9. The audio processing method of claim 7, wherein the step of embedding the digital watermark in each of the frequency domain signals comprises:

converting the digital watermark into a binary sequence;

determining a target frequency coefficient in the frequency coefficients of the frequency components of the frequency domain signal;

and adjusting the target frequency coefficient of each frequency domain signal by using the binary sequence so as to embed the digital watermark in each frequency domain signal.

10. The audio processing method according to any one of claims 1 to 4, wherein the copyright database is configured in a target server, and the target server is in a network isolated environment.

11. The audio processing method according to any one of claims 1 to 4, wherein when actual copyright information changes, the copyright information in the copyright database is updated to the changed actual copyright information.

12. An audio copyright reading method, comprising:

acquiring a target audio;

extracting a digital watermark from the target audio;

obtaining copyright information index characteristics according to the digital watermark;

and indexing the copyright information of the target audio in a copyright database according to the copyright information index characteristic.

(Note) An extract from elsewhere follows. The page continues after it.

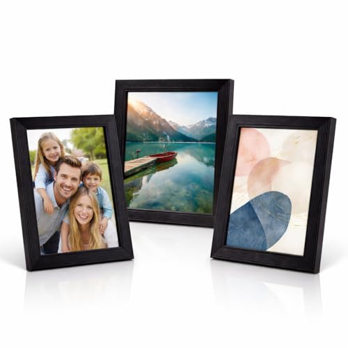 Lot de 3 cadres photo 10,2 x 15,2 cm en verre transparent nervuré noir avec support mural, idéal pour les certificats, les photos et les photographies
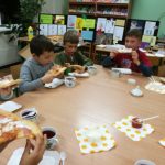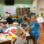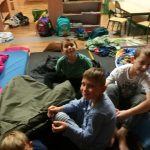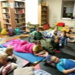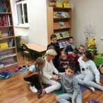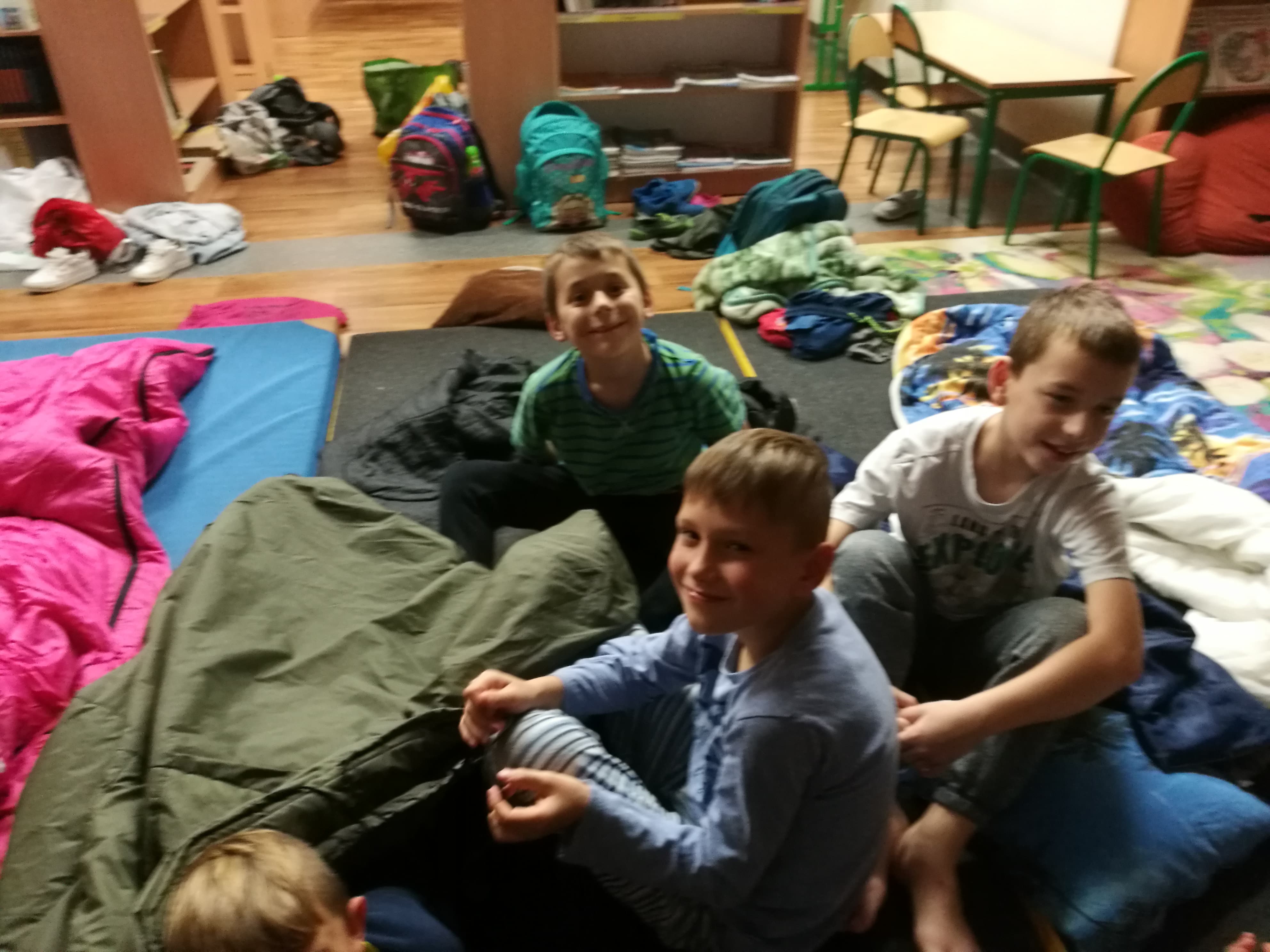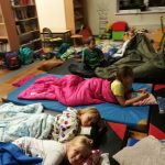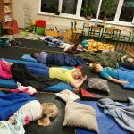 Z 19 na 20 października klasa III a spędziła noc w szkolnej bibliotece. Z Królową Śniegu, Kopciuszkiem oraz Jasiem i Małgosią zaprzyjaźniali się przez całą noc. Głośne czytanie baśni wprowadziło dzieci w atmosferę baśniowego świata. Poznali też utwory, które w przewrotny sposób pokazywały losy baśniowych bohaterów. Porównywały ich losy, określając różnice i podobieństwa. Wykonały piękne prace plastyczne przedstawiające bohaterów z baśni. Wielka pizza zaspokoiła ich głód. Gry planszowe dostarczyły ich wiele radości, choć jest w nich rywalizacja. Przed zaśnięciem wrócili do przeżywania losów bohaterów baśniowych oglądając ich ekranizację. Po zaśnięciu ich uśmiechnięte buzie były oznaką spokoju i zadowolenia. Rano, kiedy się pobudzili, wrócili do rzeczywistych wymiarów. To była wspaniała zabawa. Oczywiście padło pytanie: -Kiedy znowu będziemy spali w szkole?

13. A computer device comprising a memory and a processor, the memory storing a computer program, characterized in that the processor, when executing the computer program, implements the method of any one of claims 1 to 11 or the steps of the method of claim 12.

14. A computer-readable storage medium, on which a computer program is stored, which, when being executed by a processor, carries out the method of any one of claims 1 to 11 or the steps of the method of claim 12.